Question Type 1: Determining best fit model for a given set of data Exercises

Given the sum of squared residuals for three candidate models fitted to a data set are: SSR$_{\text{linear}}=150$, SSR$_{\text{quadratic}}=120$, SSR$_{\text{exponential}}=130$. Which model provides the best fit? Justify your answer.

The data set below is collected for variables $x$ and $y$:

(1, 3), (2, 5), (3, 7), (4, 9).

(a) Fit a linear model $y=mx+b$ to these points and compute SSR. (b) Fit an exponential model $y=A B^x$ by linearizing $\\ln y$ vs $x$ and compute SSR. (c) Determine which model is more appropriate.

A scatter plot of data $(x,y)$ shows that as $x$ doubles, $y$ roughly quadruples. Propose a model of the form $y=a x^b$, explain your reasoning, and describe briefly how you would estimate $a$ and $b$.

A bacterial culture grows according to an exponential law. The measured population at times $t$ (hours) is given:

(0, 100), (1, 180), (2, 324), (3, 583).

Find the exponential model $y=A B^t$ that best fits the data.

The data $(x,y)$ are:

(1, 2), (2, 4), (3, 8), (4, 16).

Investigate which model form—power $y=a x^b$ or exponential $y=A B^x$—fits the data better. Compute SSR for both fits.

The data below are recorded for $x$ and $y$:

(1, 2), (2, 5), (3, 10), (4, 17).

Compare the models

(a) quadratic $y=ax^2+bx+c$, (b) exponential $y=A B^x$,

by computing and comparing their SSR values. Which model fits better?

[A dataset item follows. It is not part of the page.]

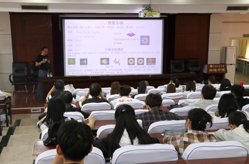 蔡阳健教授以“部分相干光束调控及应用”为题,向师生介绍了部分相干光束在大气激光通信、光学成像、微粒操控等领域具有独特的优势。他简述了部分相干光束在相干调控、偏振调控和位相调控的理论研究和实现方法,并阐明了其重要的应用价值。最后,蔡阳健教授介绍了部分相干光束在激光核聚变、非干涉相位成像、原子光学等各个方向的应用。

Radioactive material decays according to $y=A e^{kt}$. The activity measured at times $t$ (hours) is:

(0, 100), (1, 80), (2, 64), (3, 51.2).

(a) Fit the decay model and determine $A$ and $k$. (b) Compute the half‐life.

The following SSR values are obtained for four candidate models fitted to the same data:

SSR$_{\text{linear}}=500$, SSR$_{\text{quadratic}}=200$, SSR$_{\text{cubic}}=180$, SSR$_{\text{exponential}}=190$.

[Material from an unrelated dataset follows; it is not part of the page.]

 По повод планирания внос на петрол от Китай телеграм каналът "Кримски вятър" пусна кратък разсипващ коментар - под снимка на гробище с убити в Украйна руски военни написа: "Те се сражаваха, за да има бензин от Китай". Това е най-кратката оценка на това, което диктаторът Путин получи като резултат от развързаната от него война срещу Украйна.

Select the best model and justify your choice, mentioning any trade‐offs.

A data set $(x,y)$ has the following points:

(10, 20), (20, 80), (30, 180), (40, 320).

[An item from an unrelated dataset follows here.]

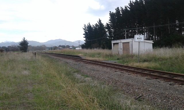 The huge Flaxbourne sheep station, which owned all the land from Lake Grassmere to the Clarence River, was purchased by the government then subdivided and sold by ballot on 26 June 1905. Part of that property was developed into Ward township that same year, and Ward railway station was opened when the line was completed in April 1910. Ward station was closed for passengers in March 1981 and fully closed five and a half years later. Now the shelter shed is gone, but the platform is still reasonably intact, although grass is growing through the tar seal surface. The building you see on the platform there is an equipment garage.

Assuming a power model $y=a x^b$, use linearization to find estimates of $a$ and $b$.

After fitting a linear model and a cubic model to a given data set, you obtain SSR$_{\text{linear}}=50$ and SSR$_{\text{cubic}}=0$. Should you choose the cubic model? Explain any additional considerations beyond SSR.

You fit both an exponential model and a cubic model to a data set. The SSR values are SSR$_{\text{exp}}=120$ (2 parameters) and SSR$_{\text{cubic}}=110$ (4 parameters). Discuss which model you would choose, referring to SSR and model complexity.